S200, preparing a device, namely installing the adsorption devices 21 on the corresponding cell pools 11 and penetrating through the walls 13 of the cell pools 11, wherein the adsorption devices 21 partially enter the cell pools 11 and partially are outside the cell pools 11;

s300, cell adsorption, namely adding a cell suspension containing target cells into the cell pool 11, controlling the adsorption device 21 to move part of the structure entering the cell pool 11 out of the cell pool 11 and move part of the structure outside the cell pool 11 into the cell pool 11 after the adsorption device 21 enters part of the structure in the cell pool 11 to adsorb the cells, and performing next round of adsorption;

s400, cell elution, namely eluting target cells on the adsorption device 21 outside the cell pool 11 and collecting eluent.
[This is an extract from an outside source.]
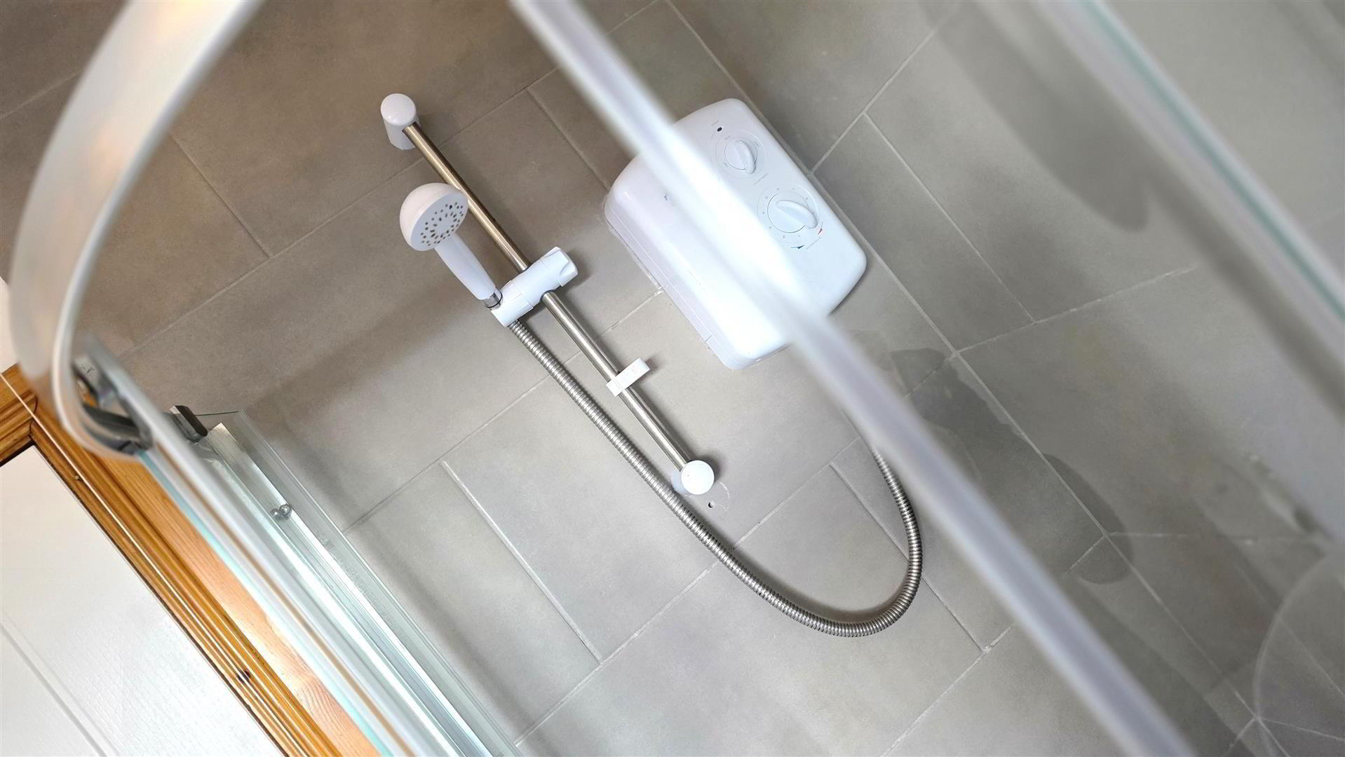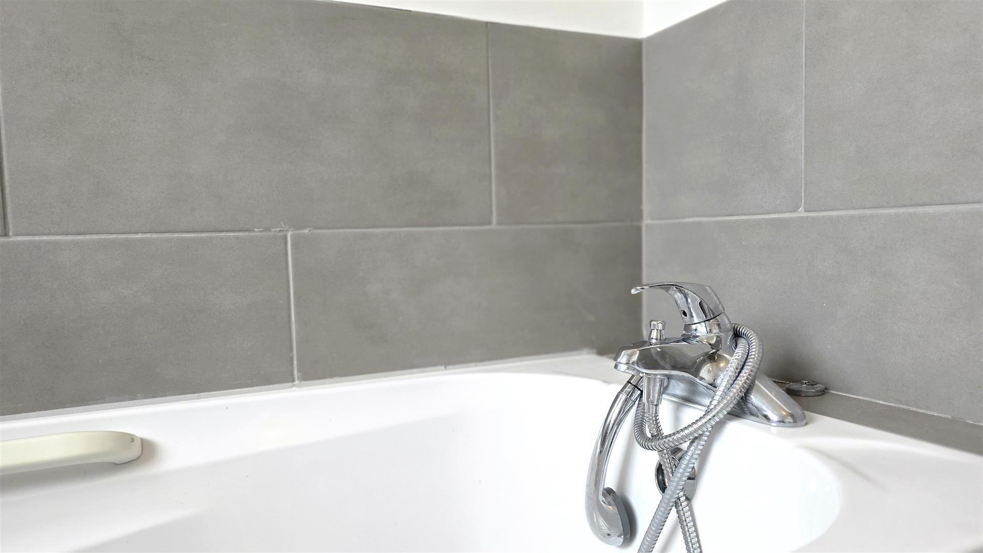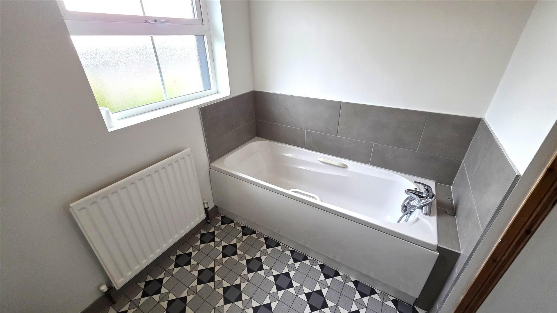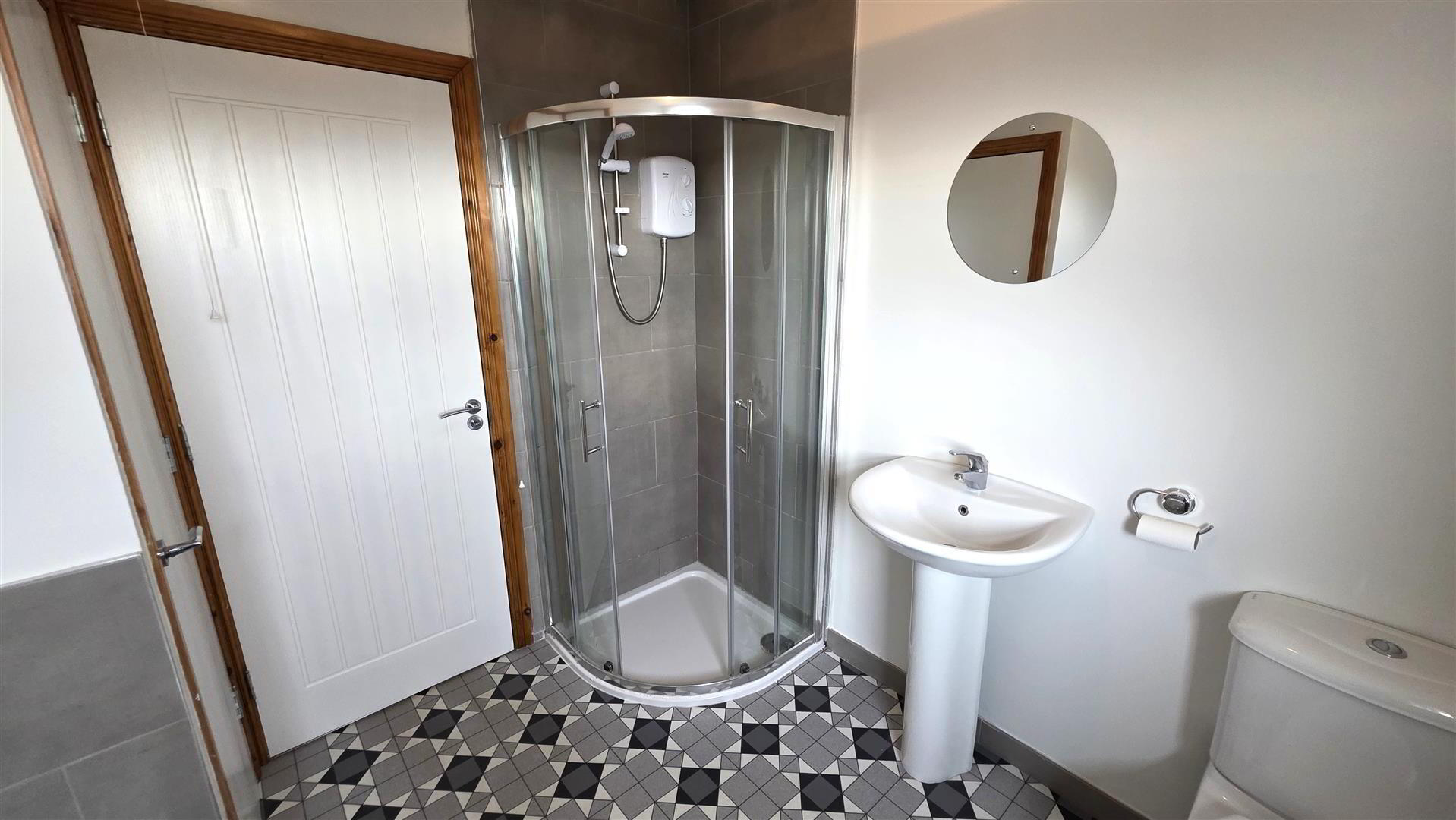 - Modern white four piece suite comprising a panel bath with fully tiled splashback and feature chrome mixer tap with shower attachment. A quadrant enclosed shower with fully tiled splashback and 'Triton' electric shower, fully tiled splashback and partially glazed sliding doors. A pedestal wash hand basin with 'Monobloc' chrome mixer tap. A low flush push button WC. Tiled skirting. Extractor fan. Hot press with insulated copper cylinder. Single radiator.
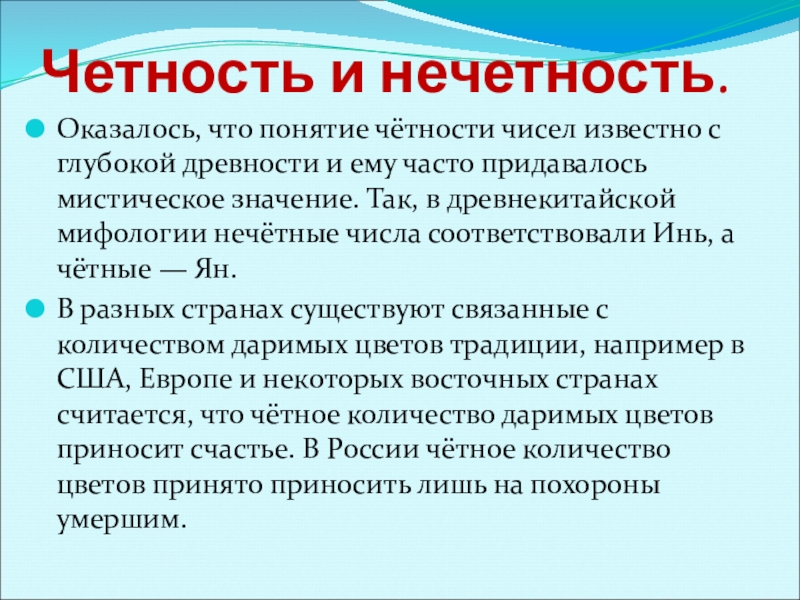 и ему часто придавалось мистическое значение. Так, в древнекитайской мифологии нечётные числа соответствовали Инь, а чётные — Ян.

By adopting the technical scheme, the target cells are the cells to be separated, and the method can be used for adsorbing and eluting the cells simultaneously, so that the time is saved, and the efficiency is improved; the adsorption device 21 after elution is moved into the cell pool 11 again to adsorb the cells again, and the method can perform cyclic adsorption and elution to improve the cell separation ratio.

In a preferred embodiment of the invention, the antibody is covalently coupled to the adsorption means 21.

By adopting the technical scheme, the antibody is not easy to elute, and is convenient to repeatedly adsorb and elute.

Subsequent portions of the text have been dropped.